Ex Navy Officer. Owner of Businesses. Digital Entrepreneur. Expat Living in Thailand. 5,000 Biting Blog Post on Everything since 2003.

“The Real American Right”
Selection Bias. Cause & Effect

Ron Paul

January 8, 2008 18 Comments

With what very little time I’ve had today to look at this (that’s one example; you can chase links to your heart’s content), I’ve been nothing but amused. That’s not quite true: mostly disillusioned. It’s a hope killing sort of thing, kinda. Or; it’s not. In practical political terms, this can hurt Paul, have no effect, or help him. I fear it might help him, for all the wrong reasons. That’s partly the source of my disillusionment.
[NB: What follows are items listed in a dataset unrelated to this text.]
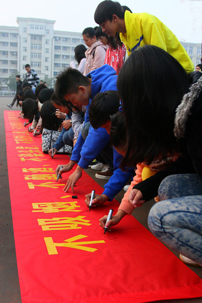 最后,同学们在“七不准”横幅上签名,表达将严格遵守规则的决心。外语系党总支副书记杨芳说,本次活动是为了深入推进2013级学生入学教育计划顺利实施,培养大学生爱国主义情怀,提升集体荣誉感和民族责任感。
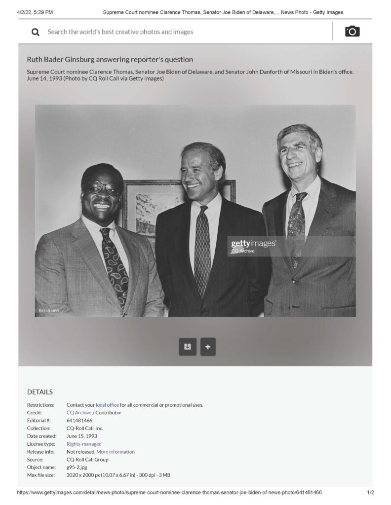 Supreme Court nominee Clarence Thomas, Senator Joe Biden of Delaware, and Senator John Danforth of Missouri in Biden’s office. June 14, 1993 (Photo by CQ Roll Call via Getty Images). Date created: June 15, 1993.”
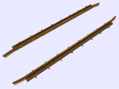 It is a track object: To make railway crossings (diamond junction or diamond crossing) at the same level. Length 3.2m, rail gauge 1067mm, with 8 bolts with union screws from the rail to the check rail (model B) every 40cm. Version or finish 3. For straight track and level with the ground. No spikes on the checkrails. Rail crossing designed for rail 19.8 kg per meter, approximately 40 pounds per yard, suitable for light rails. Rail 10 cm high. New version with the addition of the ''follow-gradient 1'' tag, to adapt to the inclinations of the railway track.
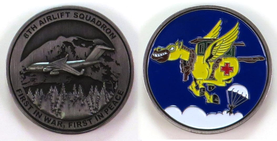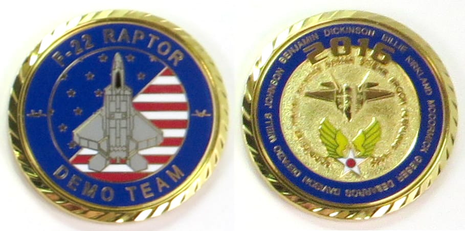 Round shaped coin, brass in color, 1 3/4 inches in diameter. Journal - Page 119 - Line 34 The Lockheed Martin F-22 Raptor is a fifth-generation, single-seat, twin-engine, all-weather stealth tactical fighter aircraft developed for the United Stat... Read More
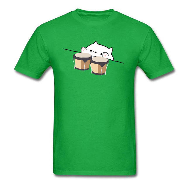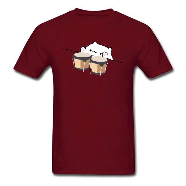 BONGO CAT WITH BONGOS Cute Graphic Men Tshirt Kawaii Cat Funny Design Hip Hop Jazz Reggae Music T Shirt Cotton Clothes
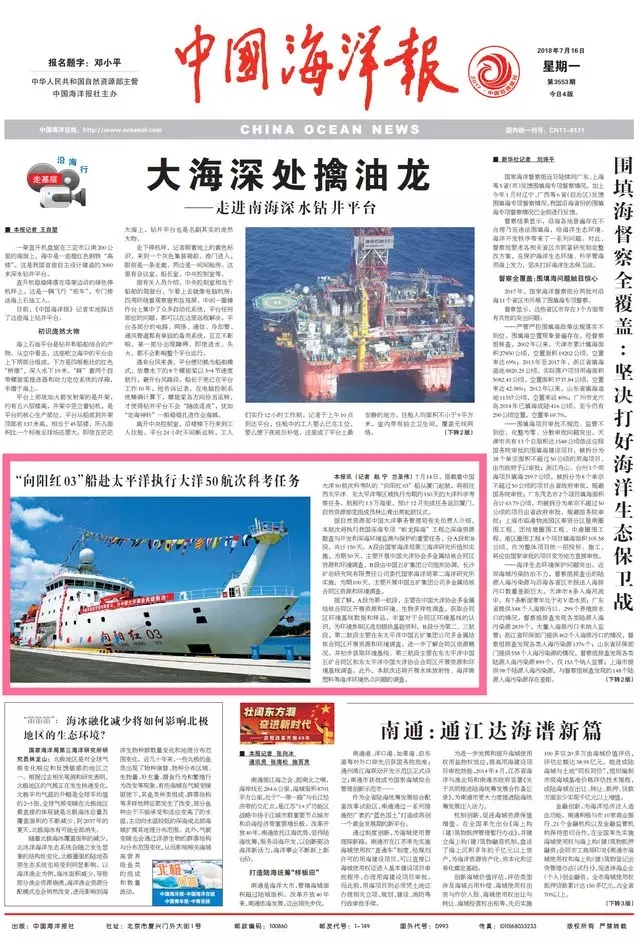 人民日報頭版、央視新聞聯播、新華網首頁……“向陽紅03”船這兩天頻繁“登陸”各大媒體“C位”,到底所謂何事?C?C
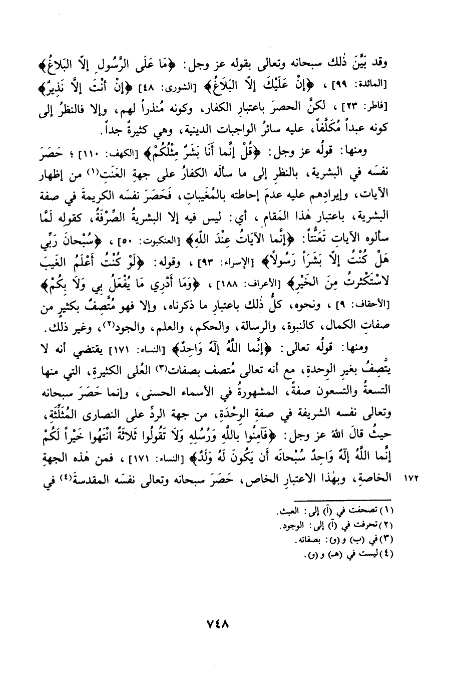وَمِنْهَا: قَوْلُهُ عَزَّ وَجَلَّ: {قُلْ إِنَّمَا أَنَا بَشَرٌ مِثْلُكُمْ} [الْكَهْفِ: 110] ، حَصَرَ نَفْسَهُ فِي الْبَشَرِيَّةِ، بِالنَّظَرِ إِلَى مَا سَأَلَهُ الْكُفَّارُ عَلَى جِهَةِ الْعَنَتِ مِنْ إِظْهَارِ الْآيَاتِ، وَإِيرَادِهِمْ عَلَيْهِ عَدَمَ إِحَاطَتِهِ بِالْمُغَيَّبَاتِ ; فَحَصَرَ نَفْسَهُ الْكَرِيمَةَ فِي صِفَةِ الْبَشَرِيَّةِ، بِاعْتِبَارِ هَذَا الْمَقَامِ، أَيْ: لَيْسَ فِيهِ إِلَّا الْبَشَرِيَّةُ الصِّرْفَةُ، كَقَوْلِهِ لَمَّا سَأَلُوهُ الْآيَاتِ تَعَنُّتًا: {إِنَّمَا الْآيَاتُ عِنْدَ اللَّهِ} [الْعَنْكَبُوتِ: 50] ، {سُبْحَانَ رَبِّي هَلْ كُنْتُ إِلَّا بَشَرًا رَسُولًا} [الْإِسْرَاءِ: 93] ، وَقَوْلِهِ: {وَلَوْ كُنْتُ أَعْلَمُ الْغَيْبَ لَاسْتَكْثَرْتُ مِنَ الْخَيْرِ} [الْأَعْرَافِ: 188] ، {وَمَا أَدْرِي مَا يُفْعَلُ بِي وَلَا بِكُمْ} [الْأَحْقَافِ: 9] ، وَنَحْوِهُ، كُلُّ ذَلِكَ بِاعْتِبَارِ مَا ذَكَرْنَاهُ، وَإِلَّا فَهُوَ مُتَّصِفٌ بِكَثِيرٍ مِنْ صِفَاتِ الْكَمَالِ، كَالنُّبُوَّةِ، وَالرِّسَالَةِ، وَالْحُكْمِ، وَالْعِلْمِ، وَالْجُودِ، وَغَيْرِ ذَلِكَ.
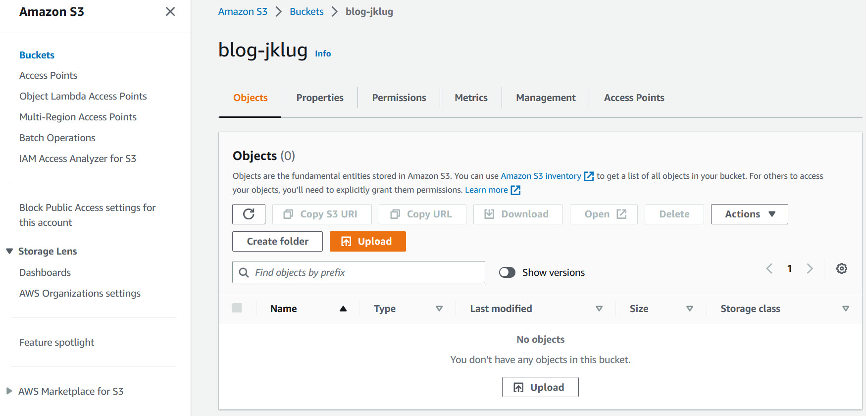 https://s3.console.aws.amazon.com/s3/buckets/blog-jklug/
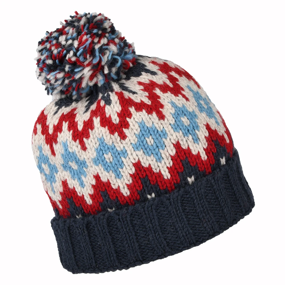 The Diamond Turn Up Bobble Hat in navy-red-cream from Kusan has been hand made in Nepal from 100% wool. The crown has a pretty diamond pattern and the hat has a turned up cuff and a small leather Kusan tag on the side. The inside features a fleece lining which is made from recycled plastic bottles.
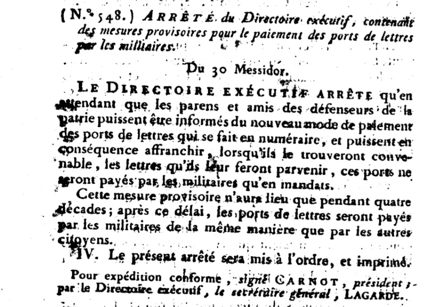 Arrêté N° 548 du 18/07/1796 Scan d’un texte officiel publié au Bulletin Officiel des Lois.
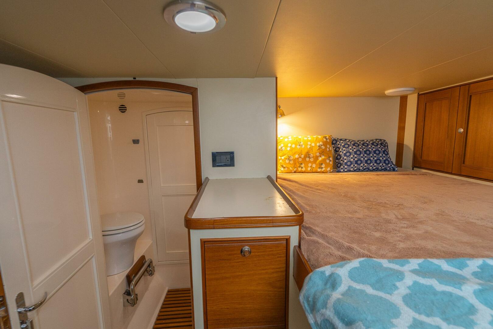 The VIP stateroom consists of a large elevated center-line berth with abundant storage underneath, above the bed to either side, and hanging lockers on either side. Above the bed on both sides, MARGIN CALL was built with additional shelves for added storage.
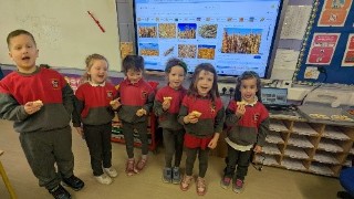November 2025 - We have had a fun month. We have had two teachers in our classroom (Ms Delaney and Ms Bolger – student teacher). We were learning all about The Little Red Hen. We planted cress seeds, tasted some bread and did role play based on the story. Ms Bolger has been teaching us all about Homes and Houses. We read the Three Little pigs and have especially enjoyed doing some building during play time. We are so excited for the nativity play. We have been practicing our songs and are looking forward to perform for you all.
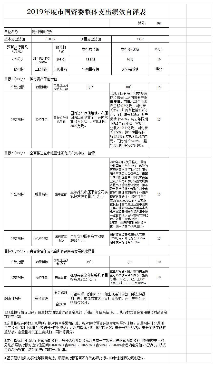 附:2019年度市國資委部門整體支出績效自評表
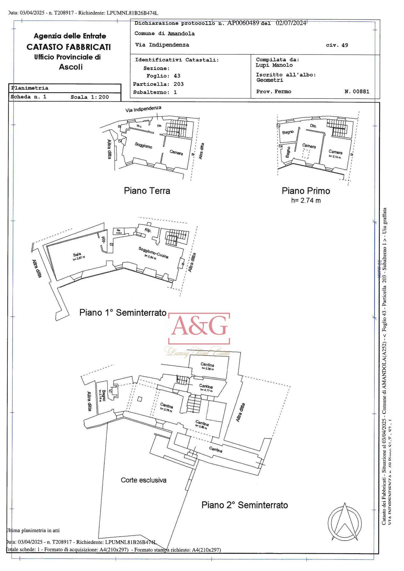 Piano secondo seminterrato: cantine, magazzini e un secondo atrio che conduce a una via parallela del centro storico e al giardino privato.

Listen: old hand libertarians will be the very last people on Earth to ever to win over anyone en masse, and this latest ordeal is a very pure example. They’re kooks; me included. That’s mostly because we don’t give a shit what you pathetically "think;" me included. But even that’s not it. The point is very simple, but it’s rarely detected or spoken of. What’s happening to Ron Paul is classically symptomatic of libertarianism.

Here’s the deal: lots of racists and other bigots are libertarians. So long as they don’t advocate a state to impose their "values" on you (as you advocate to impose yours on them), they can be perfectly consistent with libertarianism in a political context (the emphasis denotes an important distinction). That simply doesn’t mesh with the practicalities of politics in our as-yet primitive [d]evolution. True libertarianism is simply oil and water to practical politics. That’s why the Libertarian Party is a contradiction in terms and that’s why Paul is destined to have this sort of thing crop up time and again.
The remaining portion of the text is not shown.